Figure 4. Synergistic Effects of ROL and RPalm in promoting the UVB-Induced DNA Damage Repair in HaCaT. (A) Relative protein expression levels of DNA damage response pathway proteins: phosphorylated ATM, p53, phosphorylated p53, and phosphorylated CHK2 in HaCaT cells. These cells were either non-UVB treated or UVB treated and received different treatments: ROL, RPlam, ROL + RPlam, or no treatment. (B) Relative mRNA expression levels of DNA damage repair genes presented in a heatmap generated by SRplot. These cells were also either non-UVB treated or UVB treated and subjected to the same treatments. (C) Relative protein expression levels of RAD52 and BRCA1 in HaCaT cells, with the same treatment conditions as above. (D) Immunofluorescence staining for γH2AX foci in RHE, with the same treatment conditions as above. Scale bar: 100 µm. Data are presented as means ± SD (N = 4). *p < 0.05, **p < 0.01, ***p < 0.001.

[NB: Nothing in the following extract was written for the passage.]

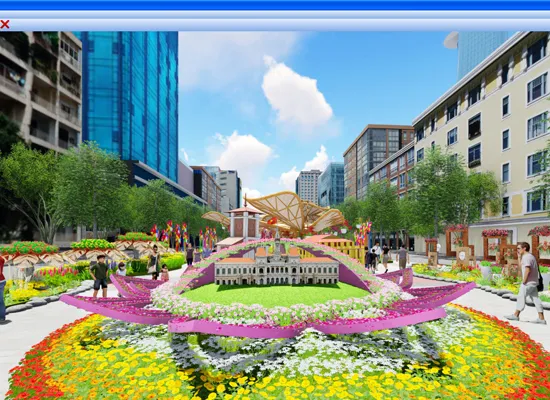 Tiểu cảnh “Thành phố trong tranh” những nét họa trên những bình gốm cao, suối hoa, hay hình ảnh Tết miền Nam với mâm ngũ quả, bánh chưng, bánh tét; hình ảnh cuộc sống đậm chất Nam Bộ với thuyền trái cây sông nước, đờn ca tài tử, các chú gà đạp xe hoa đi chợ tết...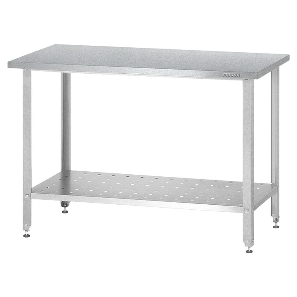 Производственный стол Mecon Retail СПРр предназначен для разделывания и обработки пищевых продуктов, а также в качестве вспомогательной поверхности для кухонного оборудования на предприятиях пищевой промышленности, общественного питания и торговли. Модель имеет разборный каркас, оснащена усиленной перфорированной полкой и регулируемыми по высоте опорами. Ножки выполнены из гнутого углового профиля оцинкованной стали с дополнительными подгибами и базирующими пуклевками, столешница - из оцинкованной стали с усилением подложкой из ДСП, полка - из оцинкованной стали.

3.5 The molecular mechanism of ROL and RPalm synergism via RAR in regulating the DNA damage repair

To elucidate the underlying molecular mechanisms driving the synergism between ROL and RPalm in regulating DNA damage repair, we examined the retinoic acid receptors (RARs) and retinoid X receptors (RXRs), which are nuclear receptors involved in the regulation of gene expression in response to retinoids (Huang et al., 2014). We screened three main subtypes of RAR: RARα, RARβ, and RARγ, as well as three subtypes of RXR: RXRα, RXRβ, and RXRγ, following the addition of both ROL and RPalm. As shown in Figure 5A, the mRNA expression of RARβ was significantly upregulated in the R+R treatment group compared to the other groups. In contrast, RXRα, and RXRγ and RXRs expression showed no change across the synergistic treatment, indicating that the effects of R+R primarily involved the RAR pathway, likely RXRβ, rather than the RXR pathway. Therefore, we subsequently applied the RAR antagonist AGN193109 (MedChemExpress, United States) to determine whether the DNA repair effect of R+R would be abolished. As indicated in Figure 5B, the addition of AGN193109 significantly dampened the R+R-induced DNA damage repair by decreasing the expression of BRCA1. Moreover, the DNA damage markers γH2AX and HMGB1 were further elevated after the addition of AGN193109 in the R+R treatment, indicating that R+R-induced DNA damage repair is dependent on RAR signaling.

Figure 5

Figure 5. The molecular mechanism of ROL and RPalm synergism via RAR in regulating the DNA damage repair. (A) Relative mRNA expression levels of RARα, RARβ, RARγ, RXRα, RXRβ, and RXRγ in HaCaT cells, either treated with UVB or not, and subjected to various treatments: ROL, RPlam, ROL + RPlam, or no treatment. (B) Western blot analysis and relative protein expression of BRCA1, γH2AX, and HMGB1 in HaCaT cells, with conditions of non-UVB treatment or UVB treatment, and subjected to treatments: ROL + RPlam, ROL + RPlam with AGN, or no treatment. Data are presented as means ± SD (N = 4). *p < 0.05, **p < 0.01, ***p < 0.001.

4 Discussion

UV radiation has long been recognized as a major trigger in addressing the extrinsic skin photoaging and photodamage. UVB, especially, provides more prominent effects towards the epidermis. Direct photoinduced oxidative stress, most likely ⋅OH, are generated in UVB-irradiated keratinocytes (Wang and Kochevar, 2005). Moreover, UVB is able to produce DNA lesion in an oxygen-independent manner via direct excitation of pyrimidine nucleobases to form CPDs, pyrimidine (6-4) pyrimidone (6-4PPs) in human keratinocytes, resulting deleterious genotoxic effects (Cadet et al., 2015). Increasing evidence suggests that the generation of CPDs, 6-4 PP and DSB upon the UVB irradiation become susceptibility factor for sunlight-induced skin cancer and melanoma in the general population (Perez et al., 2021; Yang et al., 2019). Therefore, there is an urge to find potent ingredients to counteract the UVB induced DNA damage.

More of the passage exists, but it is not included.